Answer #1 | 07/02 2014 05:34
here is a step by step solution: http://www.symbolab.com/solver/derivative-calculator/%5Cfrac%7Bd%7D%7Bdx%7D((4x%2B1)(1-x)%5E%7Bk%7D) hope it helps
Answer #2 | 07/02 2014 05:51
y=(4x+1)(1-x)^k y' = 4(1-x)^k - (4x+1)k(1-x)^(k-1) = (1-x)^(k-1)[4(1-x) - k(4x+1)] = (1-x)^(k-1)[4 - 4x - 4kx - k] = (1-x)^(k-1)[4 - k - 4(1 + k)x]
Answer #3 | 07/02 2014 03:32
To find the derivative we must use the product rule and chain rule... it is so dy/dx = 4(1-x)^k + (4x+1)*(-k)(1-x)^(k-1) OK!

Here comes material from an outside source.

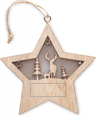 MDF-kaunistusega täht, mille sees on valgus, jõuluehete ja riputusnööriga. Kaasas 3 LR44 patareid.

Answer #4 | 07/02 2014 03:15
y=(4x+1)(1-x)^k diff by product rule w r t x dy/dx = (4x+1).(-k )(1 - x)^(k-1)+ 4(1 - x)^k...........................answer
Answer #5 | 07/02 2014 03:13
using chain rule d / dx((1-x)^k) = (1 - x)^(k - 1) d/dx(1 - x) = -(1 - x)^(k - 1) for whole expression use product rule (uv) ' = uv' + u'v d/dx[(4x+1)(1-x)^k] = (4x + 1)[ -(1 - x)^(k - 1)] + 4 (1-x)^k = 4 (1-x)^k - (4x + 1)(1 - x)^(k - 1) = (1 - x) ^(k-1) [ 4 (1-x) - (4x + 1)] = (1 - x) ^(k-1) [ 4 - 4x - 4x - 1] = (1 - x) ^(k-1) [ 3 - 8x]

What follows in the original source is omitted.